The secret lies in what you do with the Callsheet. If you wish to use it (and the information you've already entered upon it) to create an actual job or immediate sale, your task is simply to click on the Callsheet's option button that, appropriately, is labeled 'Job/Sale'. Or you can press Alt-J.

In either case, you'll immediately be presented with ServiceDesk's Create Job/Sale form. Though small, this form offers several options, most of which are self-explanatory. Typically, you'll want to leave most everything in its default state, and simply hit Enter or click on the indicated ‘Okay’ button. Now, ServiceDesk will do several things, all in the blink of an eye. These tasks are:

  1. It prints an invoice for the job or sale
  2. It creates a JobRecord under which, assuming it’s a job rather than mere counter sale, all further work and progress on the job will be managed and tracked
  3. If the job involves an already on-the-Callsheet-scheduled appointment, it enters that appointment into your ScheduleList; and
  4. The originating Callsheet's status is changed to show a job/sale has been created from it and that its task is thus done (accordingly, it goes dim and is ready for movement into the Callsheet Archive).

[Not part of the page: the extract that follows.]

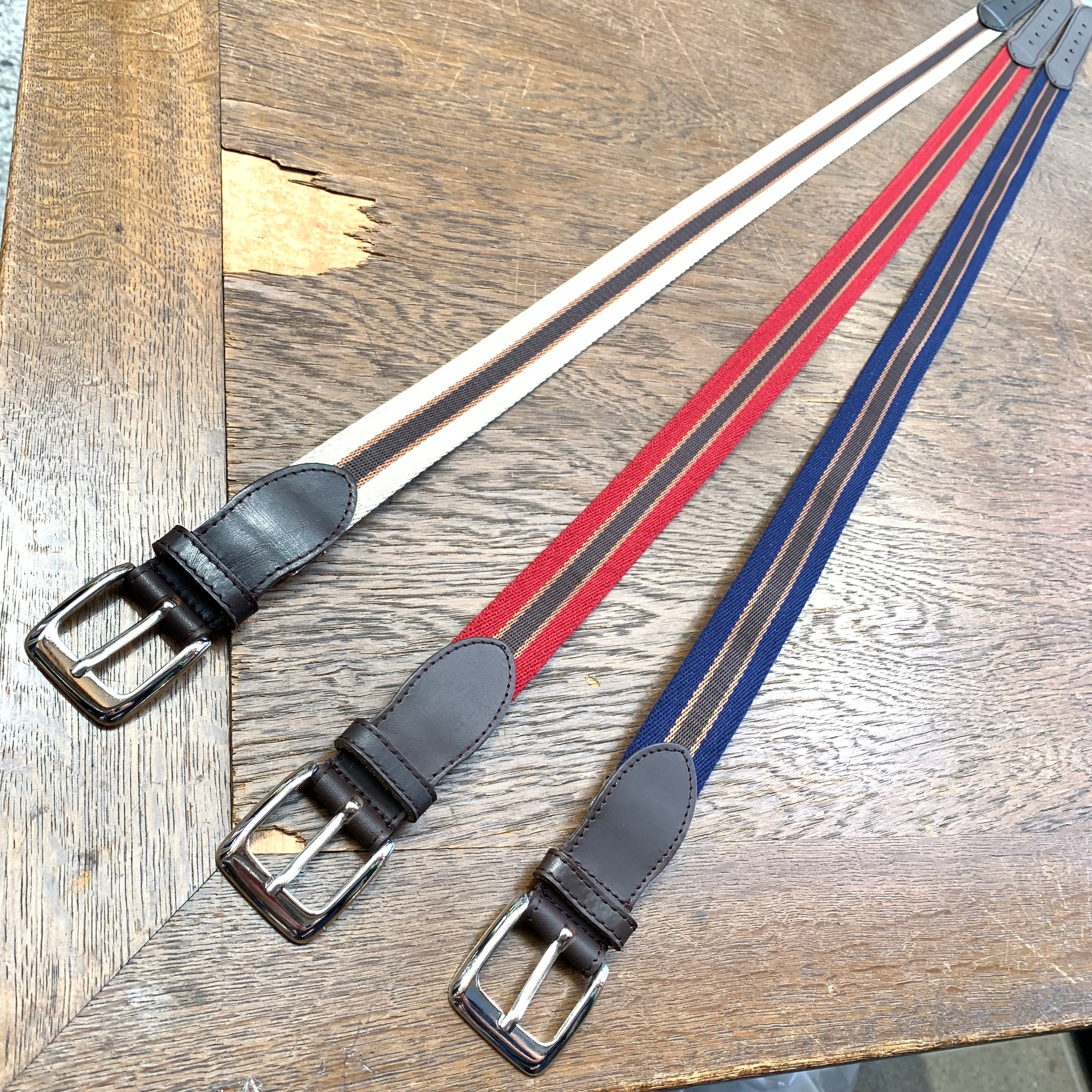 バックル、剣先に牛革を使用した、トラディショナル・ストライプのカジュアルベルト。

Of course, there are several details you may wish to know about.

For example, as the Create Job/Sale form displays, you'll notice you're immediately placed into a box labeled 'Assigned Tech.' The reason for this box: if you know at the time who you want as the technician for the job (or simply have a pretty good idea), you might as well make the assignment presently (just enter his initials). While you can wait and make the assignment later from your DispatchMap, it's nice to have it done from the start (assignments can be re-juggled later, regardless). Also, you'll notice there are options, immediately to the right, marked 'Tentative' or 'Definite' (it defaults to the former) The purpose: if the job's a recall, special request from a customer, or for any other reason definitely needs to go to a particular tech, you can so specify here (you can click on the 'Definite' option with your mouse, but it's even faster, after entering the tech's initials, to press your keyboard's right cursor key then the down key, as this will highlight and select the 'Definite' option without any movement of your hands from the keyboard).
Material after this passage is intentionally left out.